Single by Elisa

from the album Diari aperti
- Released: September 13, 2019
- Genre: Pop
- Length: 4:00
- Label: Universal
- Songwriter: Davide Petrella;
- Composer: Elisa;
- Producers: Elisa Toffoli; Andrea Rigonat; Taketo Gohara;

Elisa singles chronology
| "Birds" (2019) | "Tua per sempre" (2019) | "Blu Part II" (2019) |

= Tua per sempre =

"Tua per sempre" is a song by Italian singer Elisa, released through Universal on September 23, 2019, as the fifith single from her tenth studio album Diari aperti.

== Composition ==
The song, written by Davide Petrella and arranged by Elisa, with Andrea Rigonat and Taketo Gohara, is based on a letter from the 1940s sent by a woman to her partner who had been enlisted in the Second World War. Elisa explained the meaning of the song and her decision to perform it:"Petrella was inspired by a letter from a wife to her soldier husband, written during the war in the 1940s.

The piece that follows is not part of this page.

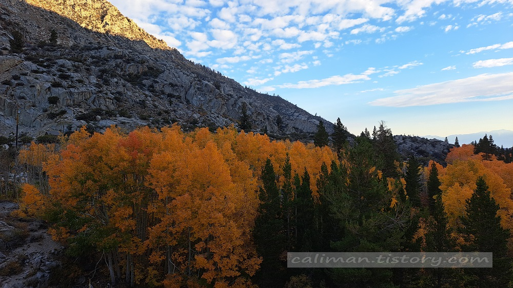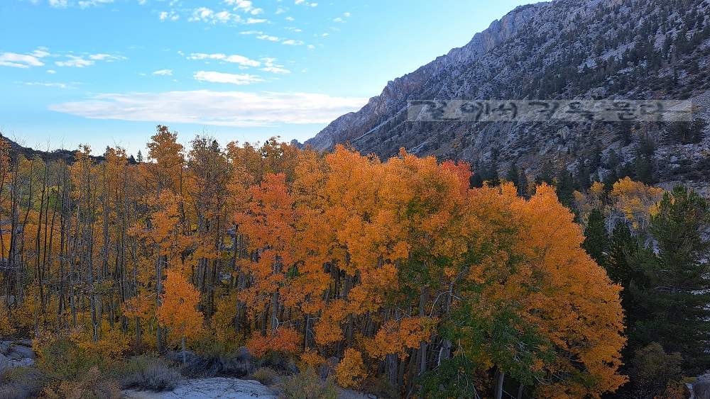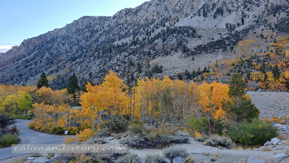'노랗다'보다는 '샛노랗다'라는 표현이 맞을 것 같다. 10월 초, 중순, Bishop에서 Lake Sabrina으로 가는 길은 황금빛 Aspen 단풍이 절정을 이뤄 보는 이의 가슴을 설레게 한다. 기후 변화에 따라 매년 단풍이 물드는 시기는 약간의 차이가 있지만 고도 9,128 feet(2,782 m)에 위치한 Sabrina Lake은 10월 초, Bishop 주변은 10월 20일 이후면 아름다운 단풍을 볼 수 있다.

This album is full of true stories, and this is another page from those open diaries that are not only mine, but also contain the feelings and emotions of many lives, lived in different times but with the same values."

== Critics reception ==
Reviewing the album Diari aperti, Fabio Fiume of All Music Italia describes the song as a "ballad that thrives on the contrast between the strong beat and the choice to interpret it in soft falsetto in the verses", which are "often doubled vocally", with a "full, melodious and even pretentious interlude".

== Music video ==
The music video, directed by the duo Attilio Cusani, was released to coincide with the single's release on 13 September 2019.

== Charts ==

| Chart (2019) | Peak position |
|---|---|
| Italy (FIMI) | 88 |
| Italy (EarOne Airplay) | 4 |

== Certifications ==

| Region | Certification | Certified units/sales |
| Italy (FIMI) | Gold | 25,000^{‡} |
^{‡} Sales+streaming figures based on certification alone.